EECS 413: Monolithic Amplifier Circuits, a major design course taken by undergraduate students as well as graduate students, includes a contest and cash prize for the best designs in the class. This popular course taught by Prof. Michael Flynn offers an introduction to CMOS analog and mixed signal design.
First Place, 2010
"A High PSRR, Low Drop-Out Voltage Regulator using Feed-forward Ripple Cancellation"
ECE Team Members: Karan Jain, Abishek Madhavan and Aswin Rao (all EE MS students) presented high power-supply rejection (PSR), high bandwidth low drop-out (LDO) voltage regulator using feed-forward ripple cancellation. Architecture provided PVT-tolerant design with high PSRR of 50dB for wide range of frequencies. Team achieved most efficient LDO design to come out of EECS 413.
ECE Team Members: Suyoung Bang, Dongsuk Jeon and Yejoong Kim (all EE PhD students) built an auto-calibration process, tunable delay lines, and DAC (Digital-to-Analog Converter). Using a reference pulse width, the calibration controller tried to find an optimum DAC code to generate the appropriate bias voltages for the tunable delay lines.
ECE Team Members: Nathan Roberts, Qiong Wu and Zhengzheng Wu (all EE graduate students) designed a Switching Buck Converter that provides a solution to monolithically integrated power management units for USB controllers in the 130 technology node, which has potential applications in USB connected consumer electronics.
ECE Team Members: David Chen, Joseph Parent and Aaron Rocca (all EE undergraduate students) designed an amplifier that accepts two currents as inputs and outputs a voltage proportional to the difference in input currents.
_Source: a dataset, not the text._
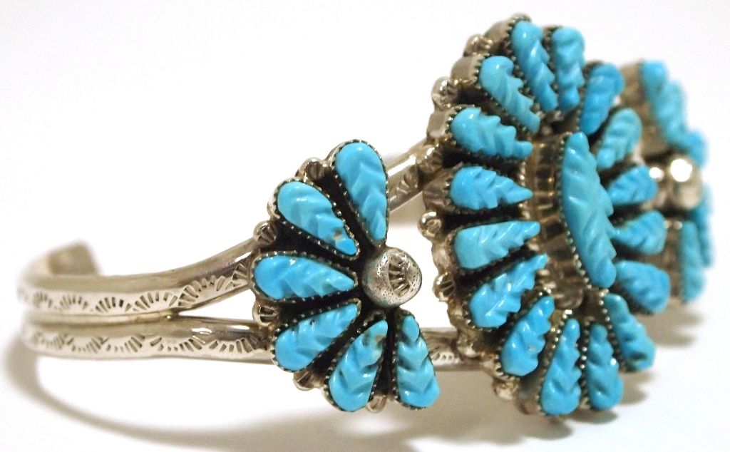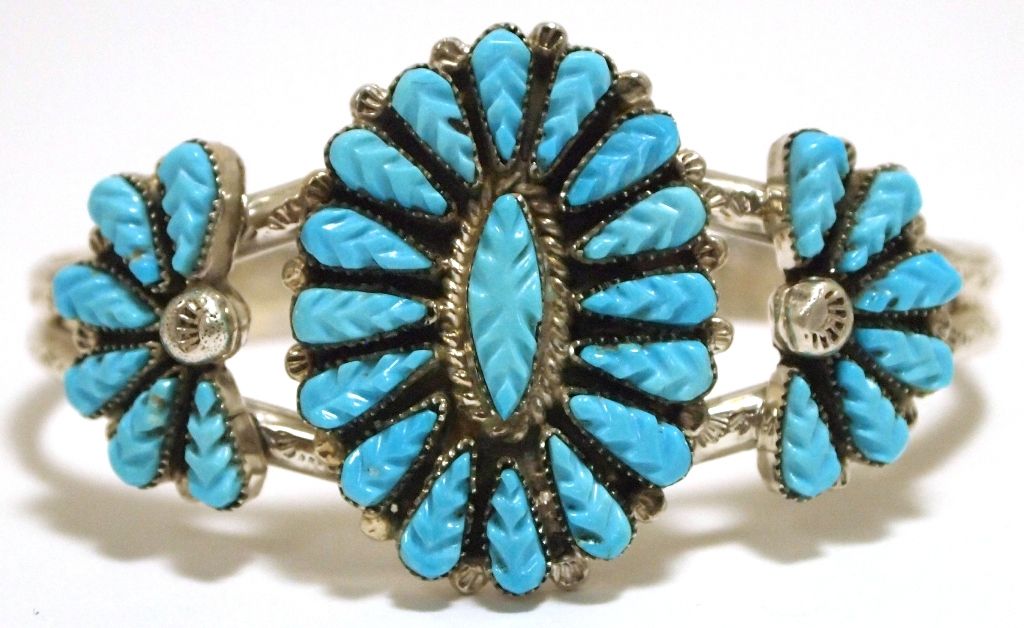 Old Pawn Zuni Sleeping Beauty Turquoise Sterling Silver Cuff Bracelet - Robert Eustace

The gain is set externally, allowing for a large range of input currents.
ECE Team Members: Nick Collins, Jeffrey Fredenburg and Eddie Hoskin (all EE undergraduate students) designed an audio amplifier for use in portable electronic devices (such as iPods or cell phones) to drive low-impedance earbud-type headphones.
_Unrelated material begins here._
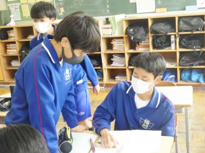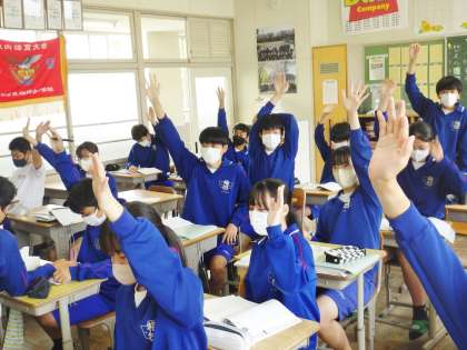 34学級は、数学の「平方根」の授業の様子です。練習問題を解き、疑問点があると、級友と積極的に意見を交換していました。発言も積極的に行うなど、学習意欲の高さを感じました。

ECE Team Members: Zeshan Ahmad, Khaled Al-Ashmouny and Kuo-Ken Huang (all EE graduate students) designed an energy efficient low-noise nano-power amplifier that will enable the recording of thousands of simultaneous neural activities without heating or damaging brain tissue. Their design will also allow neuroscientists to shrink the size of the probes while multiplying their number, thereby safely increasing the amount of information they can gain.
First Place ($1,000 Prize), 2007
"Novel 1μW Temperature Sensor"
ECE Team Members: Jonathan Brown, Francine Shammami and John DeBusscher designed sensor with a device output that is an oscillation frequency which varies linearly with temperature. Key innovations in this work ensure very low power consumption and independence from power supply voltage.